The purpose of the study is to evaluate the safety and effectiveness of UCART20x22 in patients with relapsed or refractory B-cell Non-Hodgkin Lymphoma. The study is divided into two parts: the first part aims to find the best dose of the treatment, while the second part will further test the treatment’s safety and confirm the best dose. Participants will receive the treatment through an intravenous infusion, which means it will be administered directly into a vein.

Throughout the study, participants will be closely monitored for any side effects and the treatment’s ability to control the cancer. The study will also involve other medications, such as Fludarabine and Cyclophosphamide, which are commonly used in cancer treatment. These medications help prepare the body to receive the cell therapy. The trial will continue for several years to gather comprehensive data on the treatment’s long-term effects and benefits.

The study will be conducted in different parts. Initially, the safety and tolerability of MEN1703 alone and in combination with Glofitamab will be assessed. This means researchers will monitor how well patients tolerate the medications and any side effects that may occur. Following this, the study will focus on the ability of these treatments to fight the lymphoma, which is a type of cancer that affects the lymphatic system, a part of the body’s immune system. The study will involve regular monitoring and assessments to track the progress and response of the cancer to the treatments.

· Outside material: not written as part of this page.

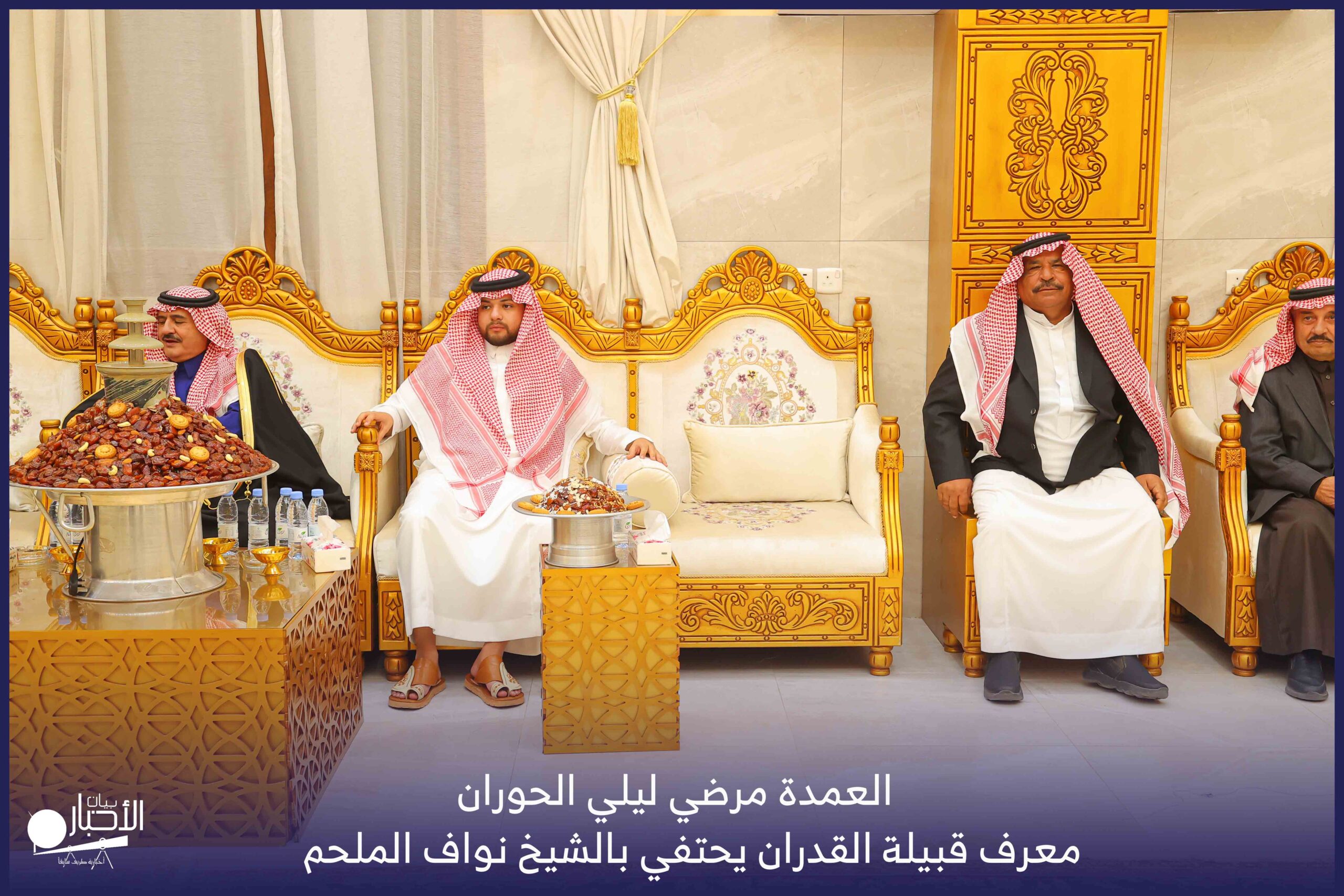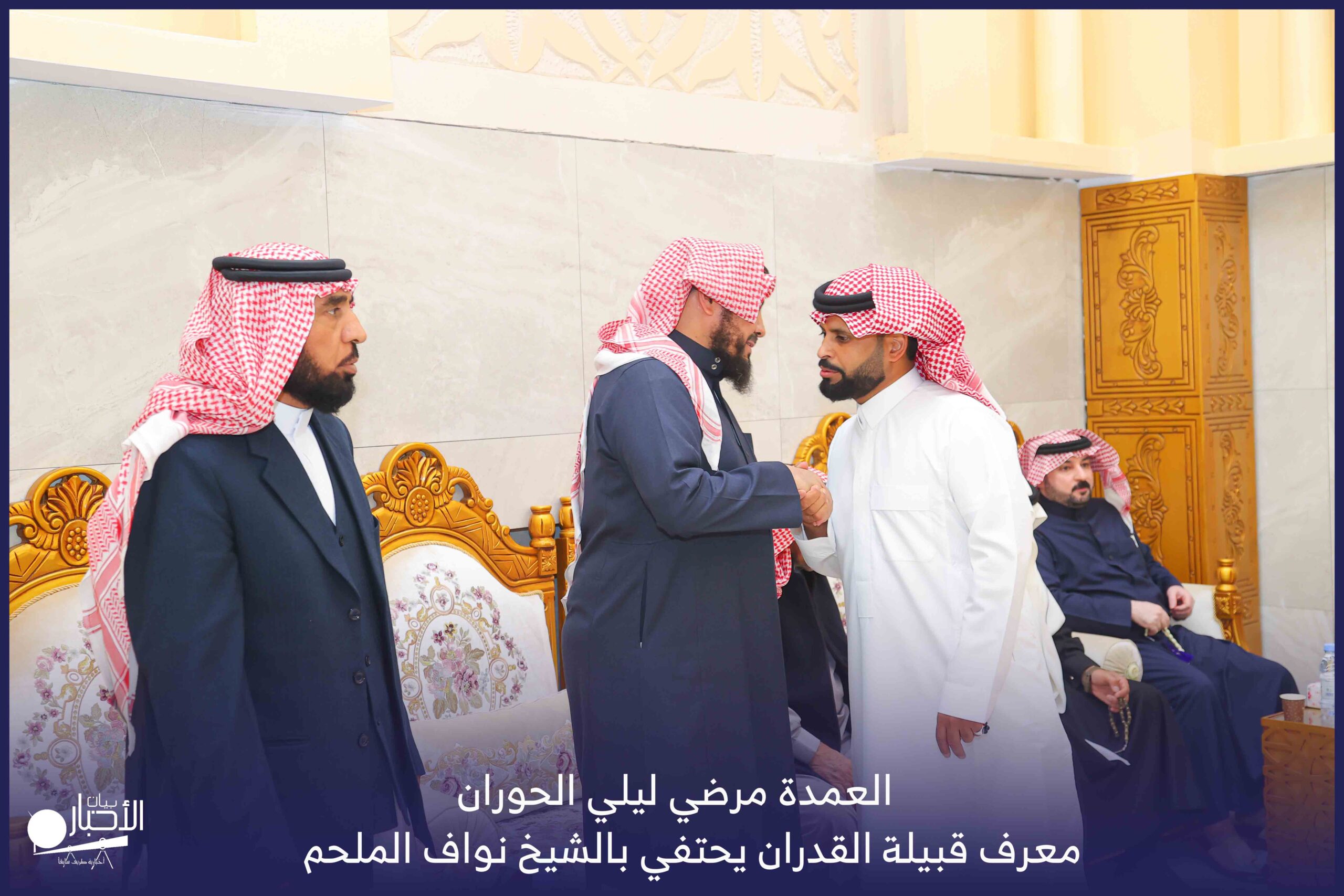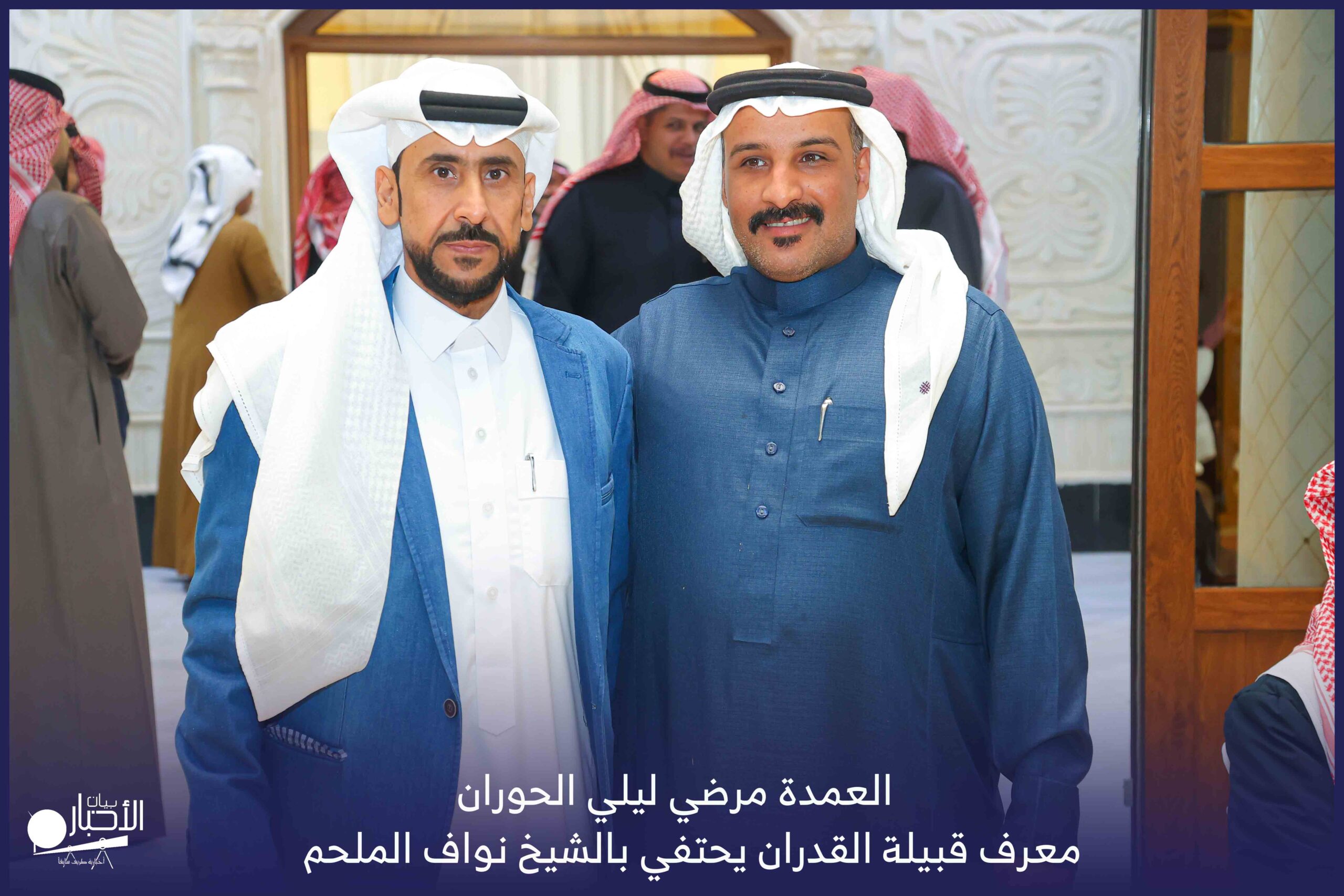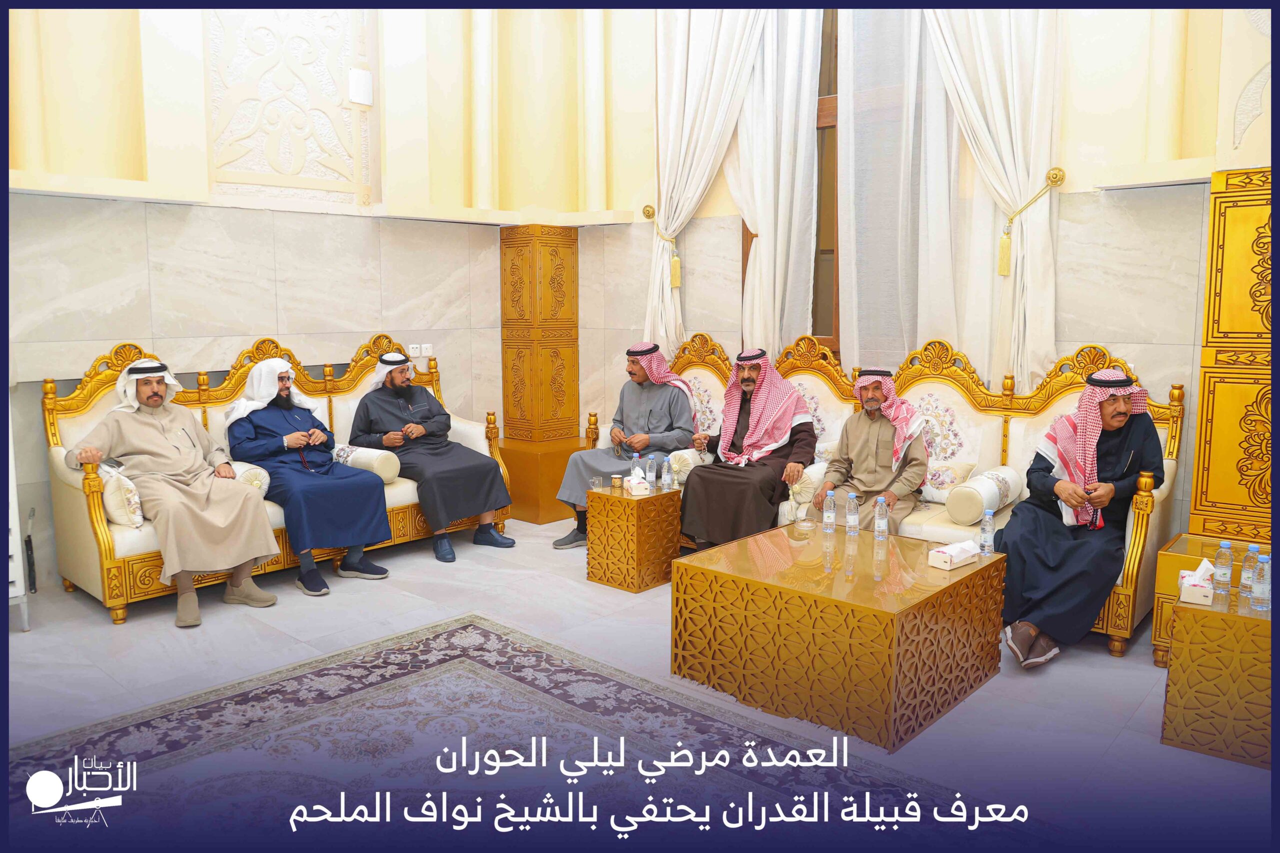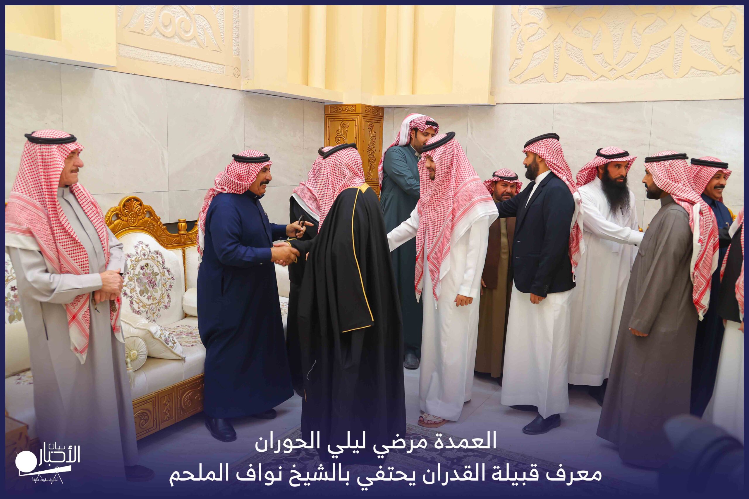احتفى العمدة مرضي ليلي الحوران معرف قبيلة القدران بالشيخ نواف عبدالعزيز طراد الملحم، وذلك تزامناً مع زيارته لمحافظة طريف، وذلك وسط ترحيب كبير وحضور عدد من المشايخ ووجهاء المحافظة.

Participants in the study will receive either the combination of MEN1703 and Glofitamab or MEN1703 alone. Some participants may also receive a placebo, which is a substance with no active medication, to help compare the effects of the treatments. The study aims to provide valuable information on the potential benefits and risks of these treatments for patients with this challenging form of lymphoma. The trial is expected to continue until the end of 2026, with recruitment starting in late 2024.